Questo in teoria. Nella realtà le varianti sono molte. Anzitutto, un minimo di serietà impone che un libro lo faccia una casa editrice, il che significa di per sé una pluralità di compiti. Poi, dipende da che tipo di libro si vuol fare. Si è detto dell’e-book. Già più complesso è fare un audiolibro: serve un buon impianto di registrazione, una buona voce leggente e il doppio del tempo. Si volesse, poi, fare un libro cartaceo, allora occorrerebbero materiali (la carta e il toner o l’inchiostro), macchine (il computer e la stampante, che sia offset o digitale) e due o tre officine e altrettante maestranze, l’ufficio, la tipografia e la legatoria. C’è poi
tutto il dopo del libro, la commercializzazione, le librerie, il mercato.
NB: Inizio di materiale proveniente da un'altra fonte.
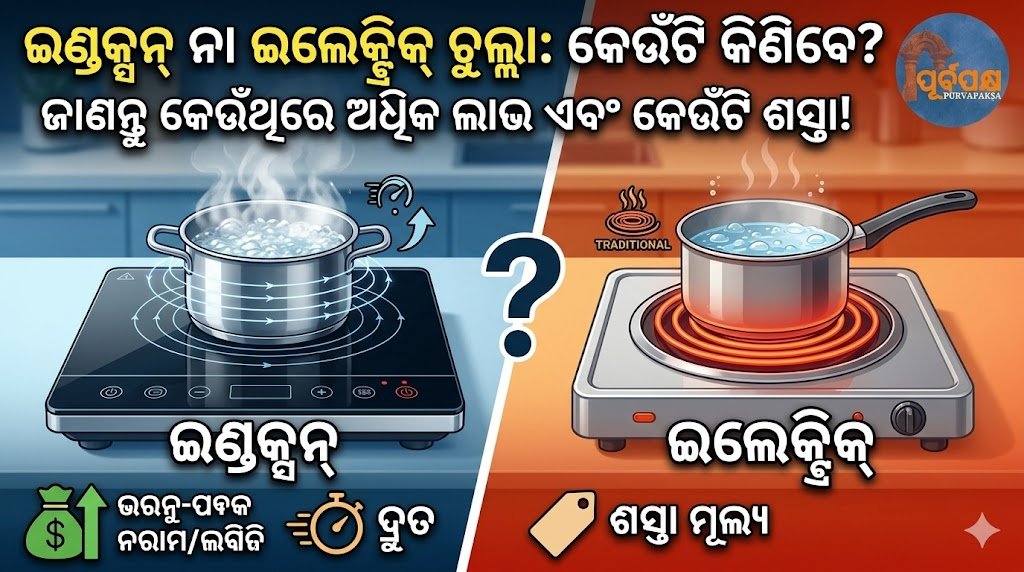 ଅନେକ ସମୟରେ ଲୋକେ ଏହି ଦୁଇଟି ଭିତରେ ଦ୍ୱନ୍ଦ୍ୱରେ ପଡ଼ିଯାଆନ୍ତି। କେହି କହେ ଇଣ୍ଡକ୍ସନ୍ରେ ରୋଷେଇ ଜଲଦି ହୁଏ, ତ ଆଉ କେହି କହେ ଇଲେକ୍ଟ୍ରିକ୍ ଚୁଲ୍ଲା କିଣିବା ଶସ୍ତା। ତେବେ ପ୍ରକୃତ ସତ କଣ? ଆପଣଙ୍କ ଘର, ବଜେଟ୍ ଏବଂ ଆବଶ୍ୟକତା ଅନୁଯାୟୀ କେଉଁଟି ସବୁଠାରୁ ସଠିକ୍ ବିକଳ୍ପ ହେବ?

Appartengono al passato certe pratiche della editoria materiale travolte dalla rivoluzione digitale. Per esempio le minute e le bozze d’autore. Da oggi in poi non si potrà più esercitare quella che Gianfranco Contini chiamava, difendendola da Croce e praticandola da par suo, la “filologia degli scartafacci”. Una filologia, detta più elegantemente “genetica”, che consisteva nel capire come lavoravano gli scrittori, da Petrarca a tutto il Novecento. Petrarca ha lasciato un “codice degli abbozzi” del Canzoniere (il Vaticano latino 3196). Ariosto postillò fittamente le prime edizioni del Furioso prima di arrivare alla definitiva del 1532. Notissima è la storia degli infiniti passaggi di Manzoni dal Fermo e Lucia del 1821-27 alla edizione a puntate dell’ultimo Promessi Sposi nel 1840-42, intrapresa da lui stesso. Destinato dunque a esaurirsi è il Fondo manoscritti di autori contemporanei fondato da Maria Corti a Pavia nel 1969, autentico monumento degli autografi, minute, bozze d’autore. Mentre sembra avere più lunga prospettiva la creatura di Saverio Tutino (1984), l’Archivio diaristico nazionale di Pieve Santo Stefano, però rassegnandosi a vedere le memorie private scritte a mano superate, e infine obliterate, da quelle scritte al computer.
L’editoria digitale ha ridato nuova, infinita vita al libro. A maggior ragione bisogna mantenere al libro la sua dignità di prodotto culturale alto, perfetto, bello. Troppo facile far libri, oggi, perché non avvenga di vedere brutti libri, stampati all’avventura. Il mestiere di far libri, e di farli bene, dev’essere salvato. Oggi più che mai c’è bisogno delle scuole di arti grafiche. E, inutile dirlo, di buoni editori.